Переглянулись брат с сестрой, однако ж в виду усталости батюшкиной, раз речи он предсмертные толкает, решила одного его оставить, авось уснёт после чтения Аленькиного. Подошла дочь к отцу: перекрестил он её, в лоб поцеловал да отпустил, а сам с жалостью на кровинушку свою глядит, как недоумение в очах её зелёных застыло, однако ж пока уходить она не стала, брата своего дожидаясь. Подошёл сын к отцу своему да склонился над ним: перекрестил он его, в лоб поцеловал да и его отпустил, боязно ему за сына своего, всё ж не вошёл он ещё в лета мужчины, юноша он ещё мечтательный, что только о совершенстве мира грешного грезит. Столько Карл спросить желает: о матушке своей, о детстве, о Донне... ведь всё никак не сознает юнец, что шибко влюблён он в италийку кареглазую. Всё решимости у него не хватает на распросы такие: то слуги рядом, то сестра от отца не отходит, то сам трусит... Одно дело другим с лицо мнение своё высказывать да на конфликт выводить, а тут отец родной, пред каким хочешь не хочешь, а будешь чувствовать страх благоговенный. Завтра же спросит, вперёд сестры своей пойдёт, пора уж перебороть страх свой, а там и до Беневьенто он дойдёт!
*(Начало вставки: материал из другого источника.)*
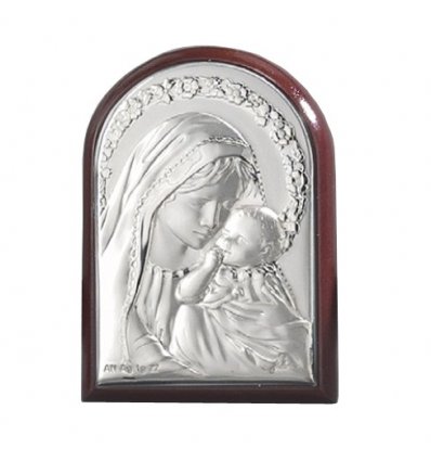 Icoana lucrata cu argint 925 cu Maica Domnului si Pruncul. Icoana are certificat de calitate.
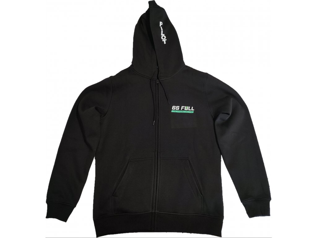 Hochwertiges, warmes Sweatshirt mit Reißverschluss mit JUST ONE MORE LIPO Motiv auf dem Rücken, 6SFULL Logo auf der Vorderseite und PILOT auf der Kapuze
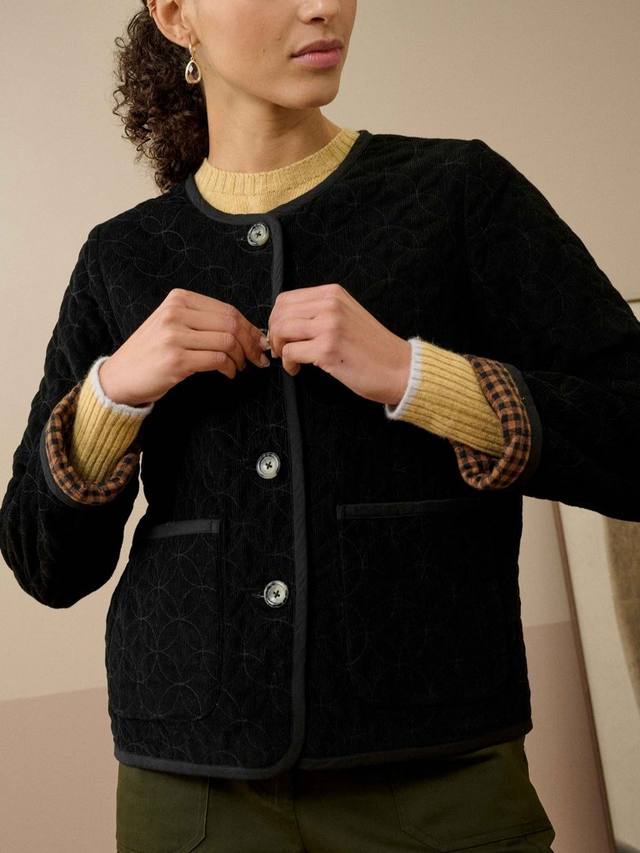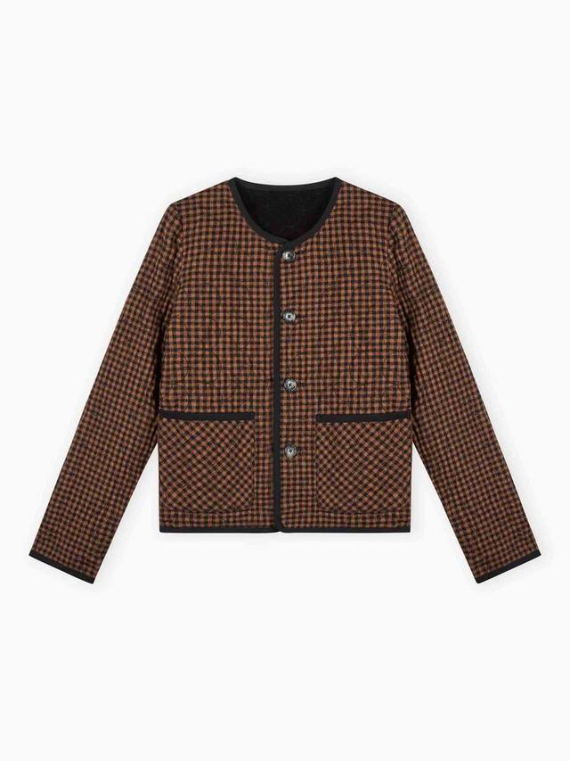 Эта хлопковая куртка украшена сезонным рисунком в клетку гингем с круговой простежкой, накладными карманами и обработанными краями. Более того, он полностью двусторонний, идеально подходит для дней, когда вам нужен слой из плотного игольного шнура.
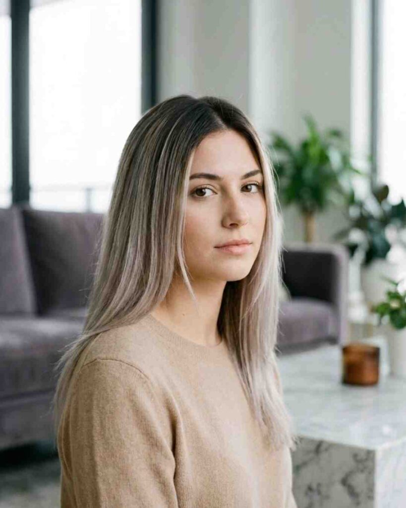 Ash frost brings the drama—but in a refined, grown-up way. These highlights lean cool, smoky, and crisp, and they’ve taken over winter hair Pinterest boards for a reason.
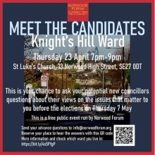 knight's hill ward: meet the candidatesThursday, April 23, 2026Local elections are coming up on Thursday 7 May. Norwood Forum is hosting a series of 'Meet the Candidate' free public events so the community can speak directly to the candidates. |
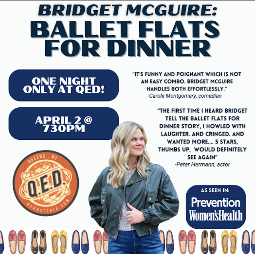 Using A mix of stand-up and storytelling, “Ballet Flats for dinner” tells the story of McGuire's life growing up with intrusive thoughts with harm, a form of OCD. From thinking she was pregnant at age 11, to wondering if she killed her friend's boyfriend at 25, to finally getting help at the ripe old age of 38, Ballet Flats will have you laughing the entire time and perhaps you'll walk away wondering, "Do I have OCD too?" (Don't worry, you probably don't).
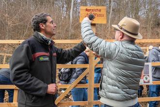 Bürgermeister Jörg Haseneier (rechts) und Revierförster Johannes Nass beim Anbringen des Informationsschildes am Gatter des Kinder- und Hochzeitswaldes
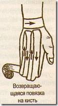 Первый тур бинта продольно направляют от нижней трети предплечья на тыльную поверхность кисти и, огибая пальцы, переводят на ладонь. Далее бинт доводят до запястья, перегибают и делают возвращающийся ход снова через ладонь и пальцы на тыл кисти. Несколькими возвращающимися турами бинта полностью закрывают пальцы, повязку заканчивают спиральными восходящими оборотами бинта от пальцев на кисть с закреплением на предплечье круговыми ходами.
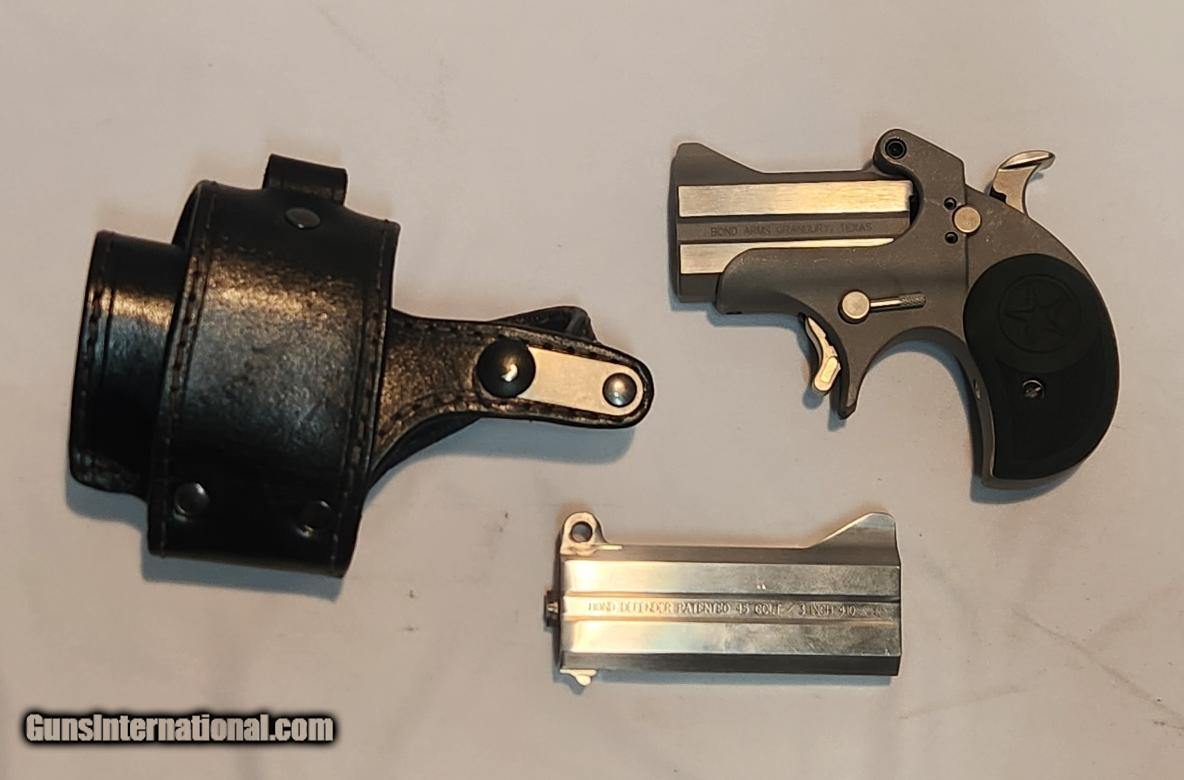 Description: Guns Listing ID: 1340620 Inventory Number: FCS096083 BOND ARMS ROUGHNECK, DERRINGER, 9MM PARABELLUM/410 BORE/45LC, MATTE STAINLESS, YES - INCLUDES HARD PROTECTIVE CASE, 2.5\" Barrel Length OPEN TO OFFERS Excellent Condition Derringer INCLUDES 2 BARRELS (9MM Luger and 45LC/.410) Comes with Original Case Holster Included (See Pictures) Specific Details: NRA Modern Gun Condition Rating Standards: EXCELLENT: New condition, used but little, no noticeable marring of wood or metal, bluing perfect, (except at muzzle or sharp edges). Finish / Color: Matte Stainless Case & Box: Yes - Includes hard protective case Caliber: 9mm Parabellum Action: Derringer Magazine: No - not included Optic: Yes - Red Dot Sight Holster: Yes - Holster Bravo Store Systems bravorevolution Bravo provides Brick & Mortar operators ways to sell on Amazon - Faster, Easier, Cheaper! No one does it better. SOLD Manufacturer: BOND ARMS Model: ROUGHNECK Caliber Info: 9MM LUGER (9X19 PARA) Condition: Used - Non-Certified Barrels: 2.5 BARREL Finish: STAINLESS |
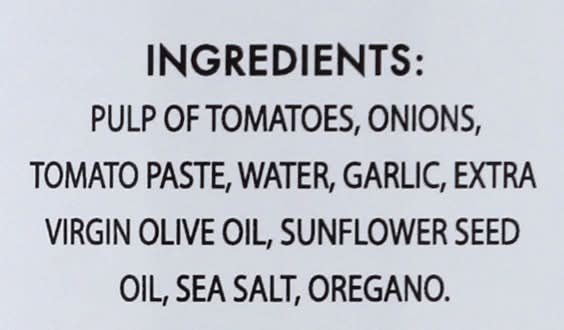 Ingredients: Pulp of Tomatoes, Onion, Tomato Paste, Water, Garlic, Extra Virgin Olive Oil, Sunflower Seed Oil, Sea Salt, Oregano
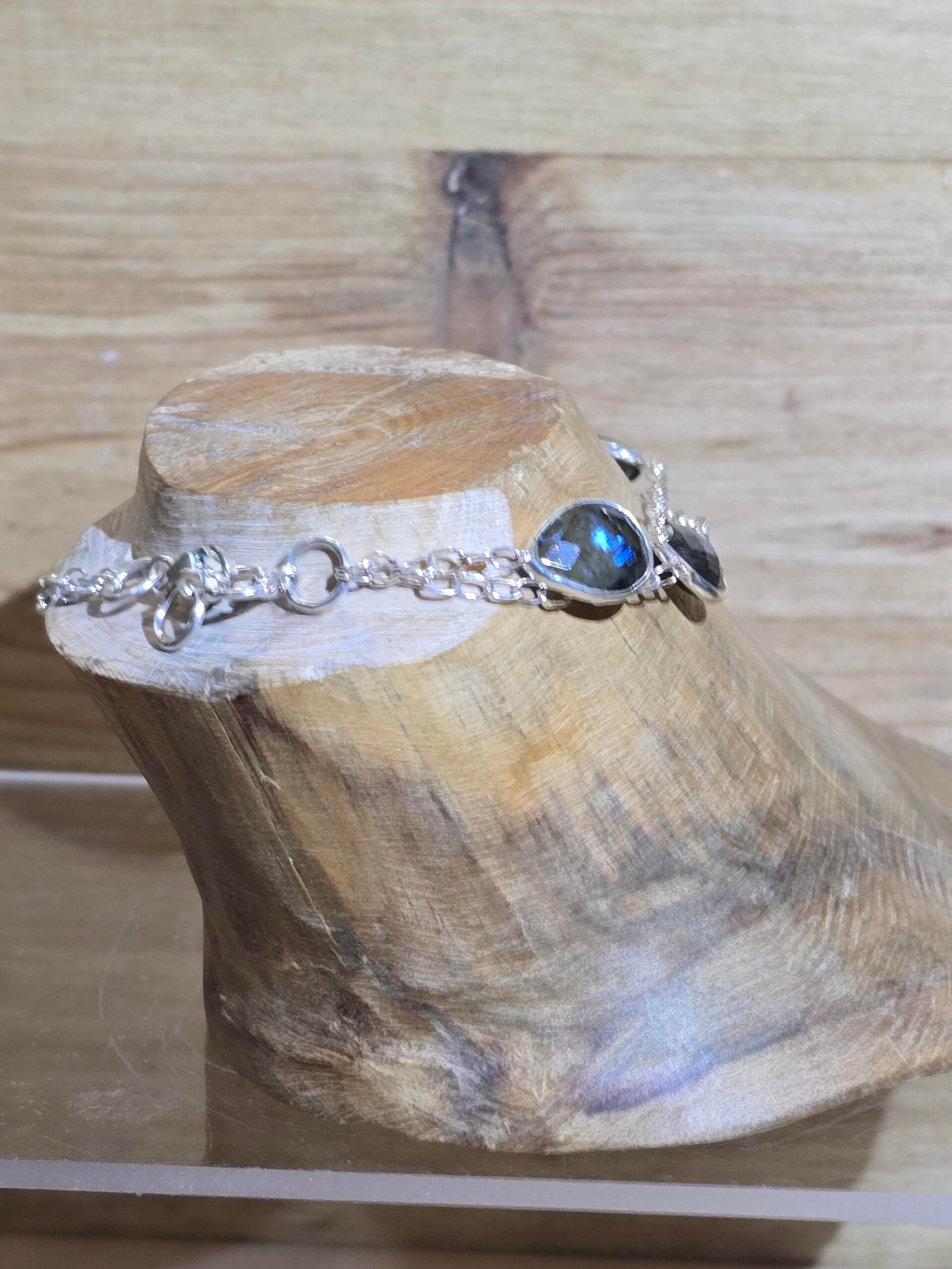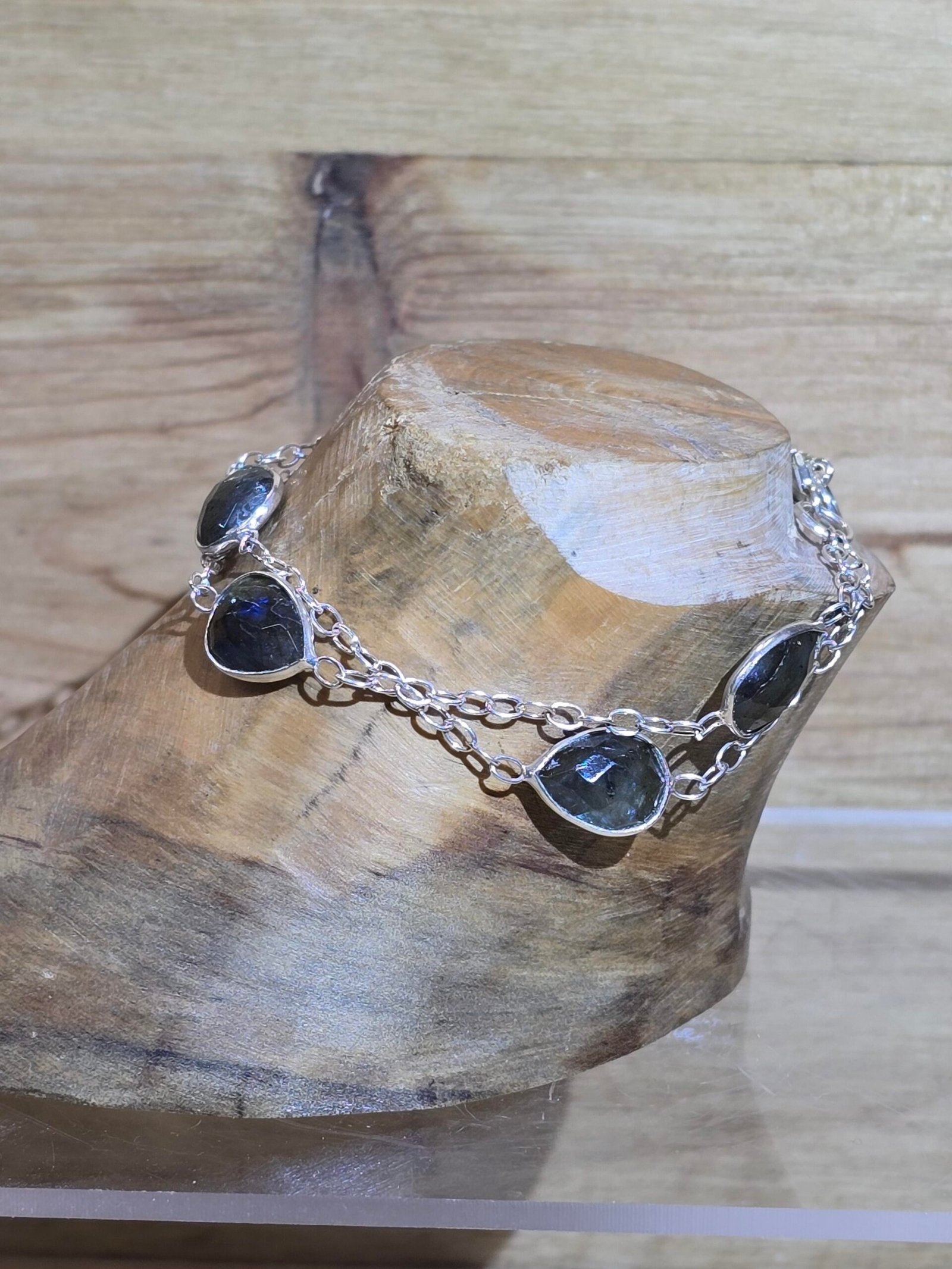 Déjate cautivar por la magia de la labradorita facetada , una piedra que revela destellos únicos en tonos azules y grises según la luz Esta pulsera doble está elaborada en plata 925 auténtica , combinando elegancia y energía en una sola pieza.
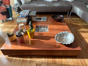 Tavolino da soggiorno pezzo unico realizzato da falegname su disegno di architetto misure 120 x 120 x 18 Legno ciliegio

Взял Хайзенберг младший поднос серебряный, чтоб сестрице его тяжести не было, да на кухню понёс, а за ним и Димитреску покои батюшкины оставила. Тишина настала. Только и слышно, как за окном в лесу волки воют да в руке королёк желтоголовый цикает, на свободу хочет. Собрал все силы свои Мирча, руку свободную в кулак сжимая, скинул с себя одеяло пуховое да на ногах трясущихся стал с постели подыматься. Нельзя ему, лекари не велели, однако ж невозможно лежать, иначе пролежень в постели появится. Хайзенбергу б трость какую, чтоб опираться он мог да идти ему б не так тяжко было. Отдышка у него частая, еле ноги волочёт, а сам всё к окну идёт. Приоткрыл тихонько воевода ставни оконные, чтоб не набежали слуги назойливые, глянул на небо звёздное, прижал к груди королька махонького, прошептал молитву да выпустил его на волю, авось одумается да улетит, где теплее будет.
– Лети, душа моя, лети! – шептал он. – Зажился я уж здесь, а меня на небе Илонушка дожидается.
Полетела птичка в лес да скрылась за ветвями сосновыми, уж точно она не вернётся. Настолько уверовал Мирча в суеверия всякие, что теперь птица для него — проводних в мир Божий. Пусть так, сбудется али нет, ни что его уже не огорчит: ежели проснётся завтра, то детей увидит, а ежели нет, то Илону свою встретит. Столько лет уж прошло, чего только не пережил Хайзенберг: набеги турок проклятых, службу у Раду IV Великого, какой османам ботинки целовал да дан платил исправно, а в Валахии родной сказки гласил, будто б противник он Порты Оттоманской... Брехун он, однако ж многое сделал он для государства своего: книгопечатание ввёл, церковь государству подвластна стала, с Польшей, Венгрией да Молдавией отношения хорошие имел... За то Великим и прозвали. Трансильвания давно уж османам подвластна с властью Запольяи, потому провалашскую политику он поддерживал, однако ж с каждым господарем следующим ухудшалось положение — всё больше турки румынов под ботинки свои загоняли, особо теперь, когда Сулейман I Османской империей правит. Ничего, придёт ещё миг, когда будут гнать отовсюду османов поганых, взбунтуется на Балканах да в Европе народ православный да отстоит веру свою... пусть к моменту тому и помрёт уж Мирча, но с небес увидит он победу потомков воинов ратных, заживут ещё люди! Пусть лет через сто али двести это будет, но случится точно, уверен был воевода старый. Сел Хайзенберг за стол свой, какой в покоях его стоял, потому как не держат его ноги, до сих пор трясутся да сила из них уходит, чувствует он, что смерть проклятая в затылок ему дышит, нет уж сил. Дотянулся воевода до пера да чернил, взял бумагу заморскую, вздохнул глубоко, мысли напряг да писать стал, пока сила в руках да теле имеется, только б успеть да не оборваться на полуслове. Долго писал полунемец да всё вокруг глядел, будто б примечал чего, благо свеча восковая не потухла ещё, а вот руки уж подводить стали: под конец стал почерк его коряв да крив, всё значится, пока остановиться. Поставил старик точку в писании своём, на столе его оставив, положил перо в чернильницу да лучинку тусклую пальцами загасил. С кряхтением старческим да скрипом коленей немолодых поднялся Мирча с места своего да на ногах слабых кое-кск до постели ковылять стал, не должно воеводе почтенному на полу валяться да и услышат грохот тела бренного. Увалился Хайзенберг на ложе своё, ноги подбирая, накрылся одеялом пуховым, сложил руки на животе своём да глаза закрыл.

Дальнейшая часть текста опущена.